Let's say I have a bunch of columns, and many of them contain "start_time" in their column names. How do I count the number of NA
values in each of those columns and display the answer separately (NOT as a sum of all NA
values found).
example output:
abc_start_time
## 5
xyz_start_time
## 1
ggg_start_time_end
## 0
or something similar.
CodePudding user response:
Use colSums()
to sum the TRUE/FALSE with grep()
to identify all the desired columns:
colSums(is.na(df[grep("start_time", names(df))]))
# abc_start_time xyz_start_time ggg_start_time_end
# 5 2 0
The part is.na(df[grep("start_time", names(df))]
will return a boolean matrix (TRUE/FALSE) of all the columns with "starts_with" in the name.

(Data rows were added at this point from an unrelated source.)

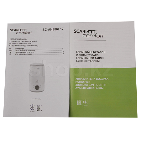 Увлажнитель воздуха SC-AH986E17 оснащен функцией верхнего долива воды для максимально комфортного использования прибора. Нет необходимости выемки резервуара, что позволяет избежать разбрызгивания воды. Резервуар вмещает в себя 3.5 литра воды, чего достаточно для увлажнения помещения площадью до 30 квадратных метров.
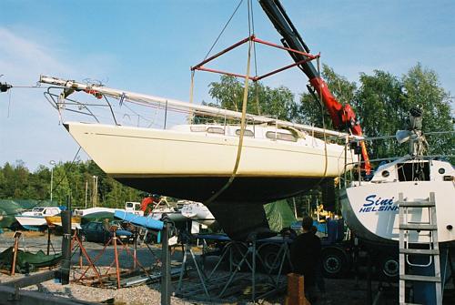 | Kaikki muu paitsi purjeveneen kunnostus on turhaa... Kohti pukkia. Tässä vaiheessa kaikki näytti vielä hyvältä. Osoittautui kuitenkin että pukki oli melko huonosti veneeseen istuva. Paapuorin puoleisen etutassun ja veneen väliin jäi iso rako, samoin tyyrpuurin puoleisen takatassun taakse. Tassujen asentoa / korkeutta ei voi säätää ja siten pukki vaikuttaa hyvin huonosti tähän veneeseen sopivalta. Sain puhelimessa vihdoin ohjeet myyjältä kun soitin tälle kesken nostourakkaa. Tassujen väliin piti laittaa kaksi kakkosnelosta molemmille puolille ja johan sopisi. Tämä vaikutti minusta ja kaikista paikalla olleilta hyvin oudolle, mutta vaihtoehtoja ei ollut. Nyt vene on tuettu pukeille virityksillä ja pukki mennee vaihtoon seuraavaksi talvikaudeksi. Jos olet kiinnostunut ostamaan muuten hyvän ja erittäin tukevan pukin (ei vain sovi Ohlonille) niin nyt olisi myynnissä. Ota yhteyttä ja neuvotellaan sopiva hinta.
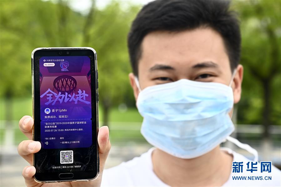 7月26日,在青島國信體育館,蘇柯帆展示自己的CBA電子票。他成為CBA聯(lián)賽復(fù)賽允許觀眾現(xiàn)場觀賽后,首位進(jìn)場的觀眾。當(dāng)日,在山東青島舉行的2019-2020賽季中國男子籃球職業(yè)聯(lián)賽(CBA)復(fù)賽第二階段(嶗山賽區(qū))比賽中,醫(yī)護(hù)人員、教師、公安戰(zhàn)線人士通過官方購票平臺,完成包括核酸檢測在內(nèi)的相關(guān)流程后進(jìn)場觀看了上海久事隊迎戰(zhàn)山東西王隊的比賽。觀賽期間,觀賽者須全程佩戴口罩,對號入座,嚴(yán)格保持間隔一米就座。退場時,觀眾須按照自后向前、先兩邊后中間的順序,保持“一米線”社交距離有序退場。新華社記者 郭緒雷 攝
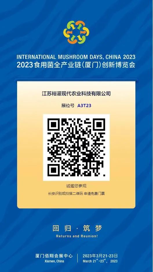 本次创新博览会召开时间为2023年3月21-23日,江苏裕灌受邀参加参会,届时将展出精品装白蘑菇、白蘑菇罐头、褐菇(牛排菇)等产品,期待与您相约。此次展会,江苏裕灌现代农业科技有限公司位于A3T23展位,我们满怀热情、整装待发。
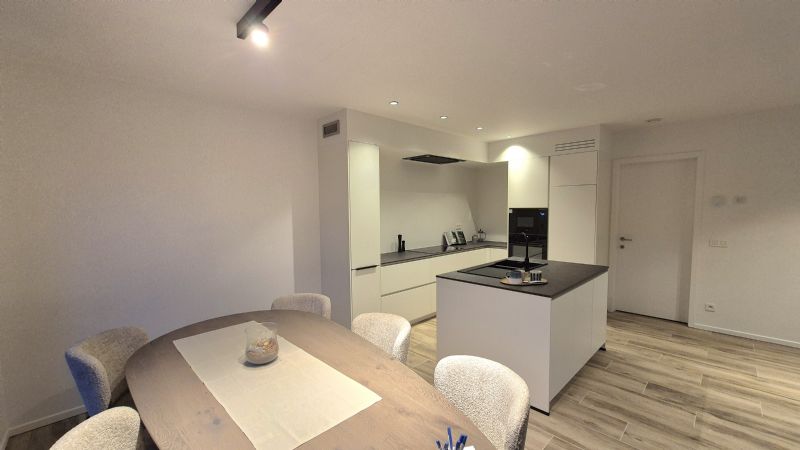 Bij het betreden van de woning valt meteen de lichtrijke leefruimte op, waar grote raampartijen zorgen voor een overvloed aan natuurlijk daglicht en een mooie connectie met de tuin. De open keuken sluit naadloos aan op de leefruimte en vormt het hart van de woning – ideaal voor gezellig samenzijn en modern wooncomfort.
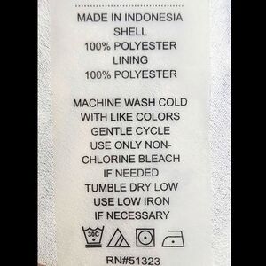 * 100% Polyester Lining: 100 % Polyester
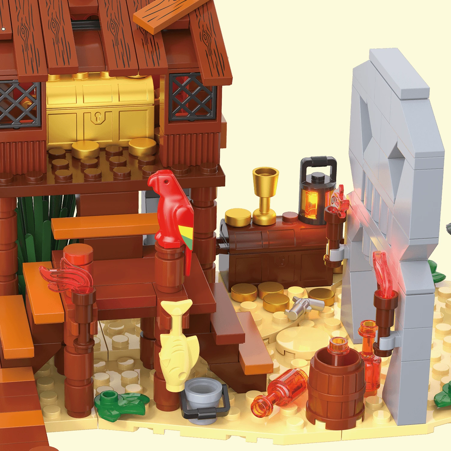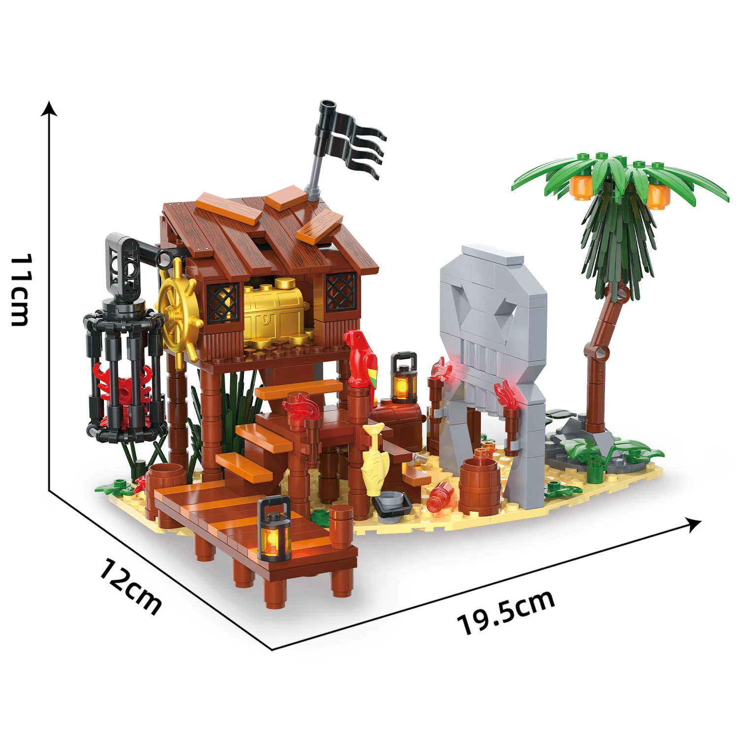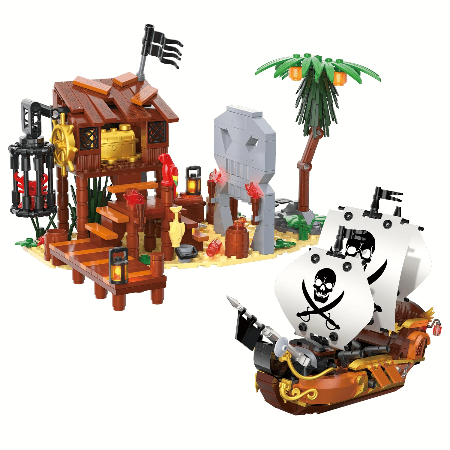 Na otoku te pričaka viseča ječa z ujeto pošastjo, kamnita lobanja kot vhod v skrivni rov, goreče bakle, mostovi in detajli, ki ustvarjajo občutek nevarnosti. Gusarska ladjica, zasidrana ob obali, je polna dodatkov — topovi, zastave, sidra in piratski simboli — pripravljena, da brani otok pred nepovabljenimi gosti.🏴☠️
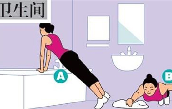 采用俯卧撑的姿势,双手撑在浴缸或者洗手台的边缘(位置越高越省力)。
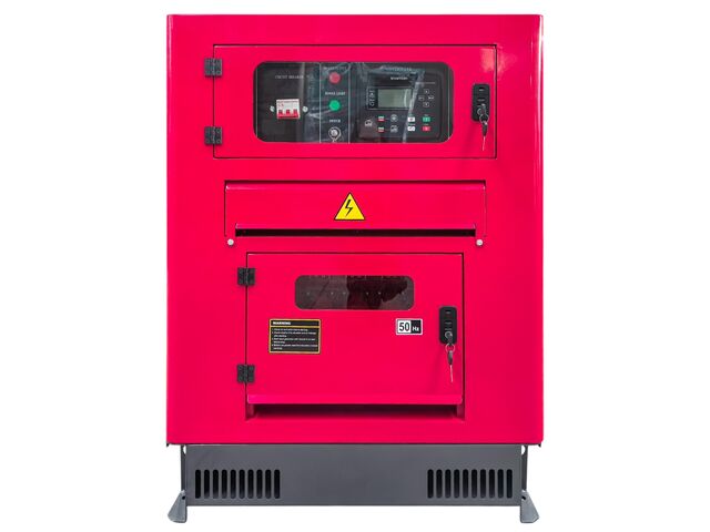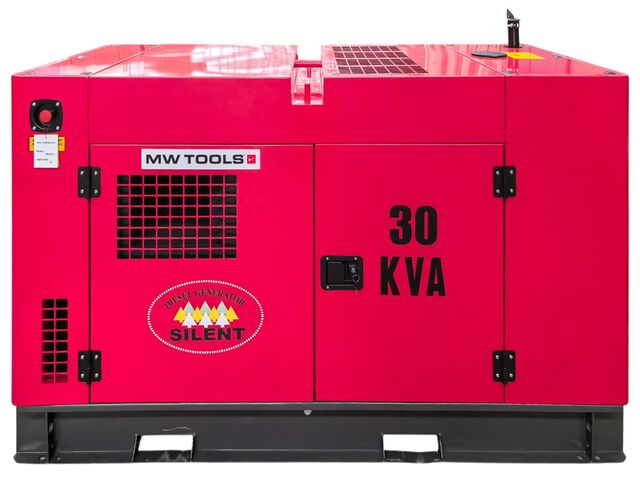 Groupe électrogène diesel 33 kVA en 3x400 V et 1x230 V, équipé d'un raccordement pour réservoir de carburant externe.
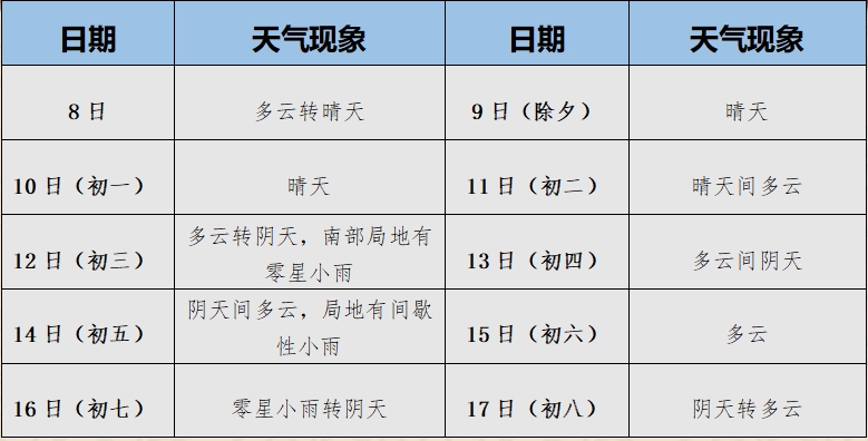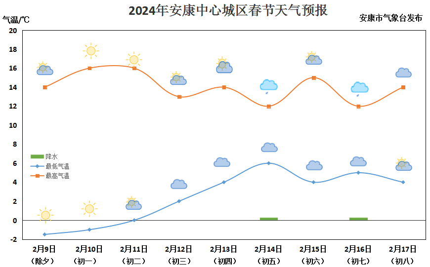 春節期間冷空氣對我市影響較小,最高氣溫起伏不大,預計川道地區 11~18℃,秦巴山區:8~14℃,最低氣溫初三以前相對較低,后期有所升高:川道地區 -2~5℃,秦巴山區:-5~1℃。MZM安康新聞網
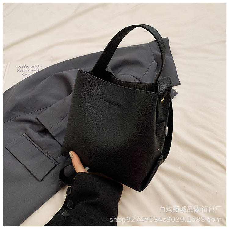 Large Capacity Textured Handbag for Women 2025 New Trend Simple Bucket with Wide Strap Single Shoulder Crossbody Bag

The colSums()
part will sum all the TRUE
as 1 and FALSE
as 0 by column.
Data
df <- data.frame(abc_start_time = seq.Date(as.Date("2023/01/01"), as.Date("2023/01/30"), by = "day"),
xyz_start_time = seq.Date(as.Date("2023/01/01"), as.Date("2023/01/30"), by = "day"),
ggg_start_time_end = seq.Date(as.Date("2023/01/01"), as.Date("2023/01/30"), by = "day"),
another_column = seq.Date(as.Date("2023/01/01"), as.Date("2023/01/30"), by = "day"))
df[c(1,3,5:7), 1] <- NA
df[c(6,7), 2] <- NA
CodePudding user response:
You could do:
lapply(df[grep("start_time", names(df))], function(x) sum(is.na(x)))
#> $abc_start_time
#> [1] 1
#>
#> $def_start_time
#> [1] 2
Data used
df <- data.frame(abc_start_time = c(NA, 1, 2),
def_start_time = c(NA, NA, 3),
abc_end_time = c(NA, 2, 2))
CodePudding user response:
Using dplyr
library(dplyr)
df %>%
summarise(across(contains('start_time'), ~ sum(is.na(.x))))
abc_start_time def_start_time
1 1 2
CodePudding user response:
We could use map_df()
from purrr
package:
library(dplyr)
library(purrr)
df %>%
select(contains("start_time")) %>%
map_df(~sum(is.na(.)))
abc_start_time def_start_time
<int> <int>
1 1 2